Constrained Multi-objective Bayesian Optimization through Optimistic Constraints Estimation
This addresses constrained multi-objective optimization for applications like drug discovery, offering a more efficient alternative to heuristic-based methods, though it appears incremental as it builds on existing Bayesian optimization frameworks.
The paper tackles the problem of multi-objective Bayesian optimization with constraints, such as safety thresholds in drug discovery, by proposing the COMBOO algorithm, which balances constraint learning and optimization, and demonstrates efficacy through theoretical analysis and empirical results on synthetic benchmarks and real-world applications.

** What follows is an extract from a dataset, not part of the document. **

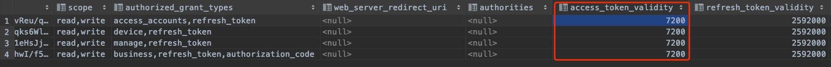 JDBC方式是ApiBoot OAuth无法控制的,因为OAuth2当使用JDBC方式进行存储客户端、令牌等信息时,都是通过OAuth2提供的固定的表进行操作,正因为如此我们只需要修改oauth_client_details表内每一条client信息的access_token_validity字段的值即可,时间单位同样也是秒,如下图所示: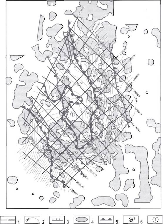 тектонические нарушения; 5 - сейсмические профили; 6 - изогипсы

Multi-objective Bayesian optimization has been widely adopted in scientific experiment design, including drug discovery and hyperparameter optimization. In practice, regulatory or safety concerns often impose additional thresholds on certain attributes of the experimental outcomes. Previous work has primarily focused on constrained single-objective optimization tasks or active search under constraints. The existing constrained multi-objective algorithms address the issue with heuristics and approximations, posing challenges to the analysis of the sample efficiency. We propose a novel constrained multi-objective Bayesian optimization algorithm COMBOO that balances active learning of the level-set defined on multiple unknowns with multi-objective optimization within the feasible region. We provide both theoretical analysis and empirical evidence, demonstrating the efficacy of our approach on various synthetic benchmarks and real-world applications.